The I4-BC’s screen is mounted to the inside of the windshield with a conventional suction-cup bracket. But the bracket also houses a receiver for the camera’s wireless signal. The camera is built into another bracket that attaches to the rear license-plate mounting screws. It is wired to the backup lights, so it powers up automatically when the vehicle is put into reverse. The video overrides the map.

ENR tested a unit on a car and with a makeshift bench test. Mapping functions were acceptable, and the video image was serviceable, even in low light, appearing instantly when power was applied. The 4.3-in. screen shows a fish-eye view of the immediate area before the lens. But to be truly useful for displaying the area just behind the vehicle, the mounting position and angle need careful consideration.

Several online reviewers have applauded Nextar for a “great idea,” although there is grumbling about camera performance. One reviewer loved the idea, but called it “pathetic execution.”

Amazon.com consumer reviewer Michael N. Placito wrote that the GPS functioned exceptionally, but the camera was challenged by temperature changes. “It’s only a gimmick, especially if you live in the North where you get some chilly fall nights that mix with the heat of the day and causes condensation on the camera lens,” he wrote. Placito says that condition renders the camera “completely useless.” Other reviewers say the image can be washed out by strong sunlight.
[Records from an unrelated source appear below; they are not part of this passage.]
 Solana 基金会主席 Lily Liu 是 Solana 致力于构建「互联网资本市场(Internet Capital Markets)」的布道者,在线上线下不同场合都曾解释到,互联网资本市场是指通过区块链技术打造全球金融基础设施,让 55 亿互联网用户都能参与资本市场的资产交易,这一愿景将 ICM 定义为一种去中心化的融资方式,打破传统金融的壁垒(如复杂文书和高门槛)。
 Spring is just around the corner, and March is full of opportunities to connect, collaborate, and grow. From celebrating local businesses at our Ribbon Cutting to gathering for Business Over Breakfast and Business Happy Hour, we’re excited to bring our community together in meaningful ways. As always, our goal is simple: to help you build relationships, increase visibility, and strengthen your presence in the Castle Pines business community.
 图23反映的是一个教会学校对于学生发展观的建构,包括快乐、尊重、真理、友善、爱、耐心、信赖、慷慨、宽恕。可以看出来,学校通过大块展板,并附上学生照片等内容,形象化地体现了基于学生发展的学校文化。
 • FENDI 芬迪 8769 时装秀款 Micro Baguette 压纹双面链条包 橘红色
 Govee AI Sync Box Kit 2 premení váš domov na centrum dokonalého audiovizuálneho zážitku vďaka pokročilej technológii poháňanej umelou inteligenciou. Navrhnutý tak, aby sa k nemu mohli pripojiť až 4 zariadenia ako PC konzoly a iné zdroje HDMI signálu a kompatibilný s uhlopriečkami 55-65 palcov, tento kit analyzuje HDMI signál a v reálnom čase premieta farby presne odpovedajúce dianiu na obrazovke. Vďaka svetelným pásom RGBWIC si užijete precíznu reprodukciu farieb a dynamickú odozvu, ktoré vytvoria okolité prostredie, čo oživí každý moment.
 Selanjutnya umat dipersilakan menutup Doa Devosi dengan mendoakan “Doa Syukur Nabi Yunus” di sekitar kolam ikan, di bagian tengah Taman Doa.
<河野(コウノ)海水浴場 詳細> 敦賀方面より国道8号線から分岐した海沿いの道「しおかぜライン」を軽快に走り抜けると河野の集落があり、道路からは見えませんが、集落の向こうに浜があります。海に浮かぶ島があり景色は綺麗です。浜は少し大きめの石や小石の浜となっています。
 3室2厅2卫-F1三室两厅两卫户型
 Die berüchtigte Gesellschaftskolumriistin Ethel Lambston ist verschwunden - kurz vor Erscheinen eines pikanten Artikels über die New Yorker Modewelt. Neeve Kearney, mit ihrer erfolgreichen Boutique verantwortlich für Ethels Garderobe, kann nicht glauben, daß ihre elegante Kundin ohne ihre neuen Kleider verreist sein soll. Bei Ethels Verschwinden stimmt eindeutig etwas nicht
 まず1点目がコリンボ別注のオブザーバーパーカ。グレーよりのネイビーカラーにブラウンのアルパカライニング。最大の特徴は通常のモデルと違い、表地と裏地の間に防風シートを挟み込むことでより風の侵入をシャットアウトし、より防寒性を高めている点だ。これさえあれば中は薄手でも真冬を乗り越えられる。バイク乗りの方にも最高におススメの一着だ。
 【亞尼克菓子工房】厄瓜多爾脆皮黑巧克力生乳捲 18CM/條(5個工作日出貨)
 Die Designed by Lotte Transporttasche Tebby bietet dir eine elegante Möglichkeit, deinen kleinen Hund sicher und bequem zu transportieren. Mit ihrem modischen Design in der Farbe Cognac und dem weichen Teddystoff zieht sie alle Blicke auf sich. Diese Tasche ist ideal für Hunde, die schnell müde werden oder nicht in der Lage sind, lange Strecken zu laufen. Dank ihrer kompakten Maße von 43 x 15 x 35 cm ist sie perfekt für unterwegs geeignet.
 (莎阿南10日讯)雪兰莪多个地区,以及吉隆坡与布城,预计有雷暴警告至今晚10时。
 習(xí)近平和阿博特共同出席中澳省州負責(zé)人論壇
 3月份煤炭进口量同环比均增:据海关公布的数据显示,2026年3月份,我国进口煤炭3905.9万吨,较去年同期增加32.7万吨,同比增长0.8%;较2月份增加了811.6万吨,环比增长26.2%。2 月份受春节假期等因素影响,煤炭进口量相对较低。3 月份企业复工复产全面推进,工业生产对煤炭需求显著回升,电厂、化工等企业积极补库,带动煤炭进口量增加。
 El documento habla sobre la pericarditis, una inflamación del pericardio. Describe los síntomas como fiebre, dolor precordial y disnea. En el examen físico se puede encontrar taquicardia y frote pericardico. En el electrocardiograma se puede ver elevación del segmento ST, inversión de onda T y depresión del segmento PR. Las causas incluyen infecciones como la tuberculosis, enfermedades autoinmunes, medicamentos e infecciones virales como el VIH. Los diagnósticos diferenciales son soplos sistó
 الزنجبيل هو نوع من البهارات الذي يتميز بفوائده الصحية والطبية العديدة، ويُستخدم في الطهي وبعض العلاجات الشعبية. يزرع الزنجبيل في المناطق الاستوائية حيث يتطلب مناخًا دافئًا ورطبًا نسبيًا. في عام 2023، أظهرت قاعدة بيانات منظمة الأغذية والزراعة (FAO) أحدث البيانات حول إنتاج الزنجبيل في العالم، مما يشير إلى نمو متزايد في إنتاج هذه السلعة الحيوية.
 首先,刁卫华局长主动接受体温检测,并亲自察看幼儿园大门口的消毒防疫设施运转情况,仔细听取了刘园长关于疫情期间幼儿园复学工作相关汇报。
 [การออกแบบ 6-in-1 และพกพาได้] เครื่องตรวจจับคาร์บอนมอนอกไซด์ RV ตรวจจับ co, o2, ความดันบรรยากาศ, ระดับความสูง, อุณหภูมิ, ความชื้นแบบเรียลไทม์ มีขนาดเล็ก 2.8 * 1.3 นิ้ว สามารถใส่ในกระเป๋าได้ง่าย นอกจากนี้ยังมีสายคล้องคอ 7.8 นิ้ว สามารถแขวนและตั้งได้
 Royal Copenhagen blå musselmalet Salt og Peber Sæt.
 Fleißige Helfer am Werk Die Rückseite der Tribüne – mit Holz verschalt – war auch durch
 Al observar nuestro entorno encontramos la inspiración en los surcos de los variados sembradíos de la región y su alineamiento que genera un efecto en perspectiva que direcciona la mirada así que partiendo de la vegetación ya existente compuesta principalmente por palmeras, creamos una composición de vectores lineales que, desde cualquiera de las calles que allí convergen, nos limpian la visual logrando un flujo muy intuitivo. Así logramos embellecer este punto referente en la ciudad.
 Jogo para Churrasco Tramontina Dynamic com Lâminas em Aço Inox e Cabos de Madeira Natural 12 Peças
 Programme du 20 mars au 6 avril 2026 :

If the idea is as good as reviewers say, the unit’s shortcomings could be overcome with better hardware. “Tuffcam” cameras, made by Subsea Video Systems, Elizabeth City, N.C., for example, are built for abuse. They tolerate temperatures from -40°F to +186°F, are shock resistant up to 1,000g and the internal cavity is injected with nitrogen to prevent condensation.

Tuffcams start at $475. The I4-BC GPS lists for $299.99 but is offered for $197.32 on amazon.com.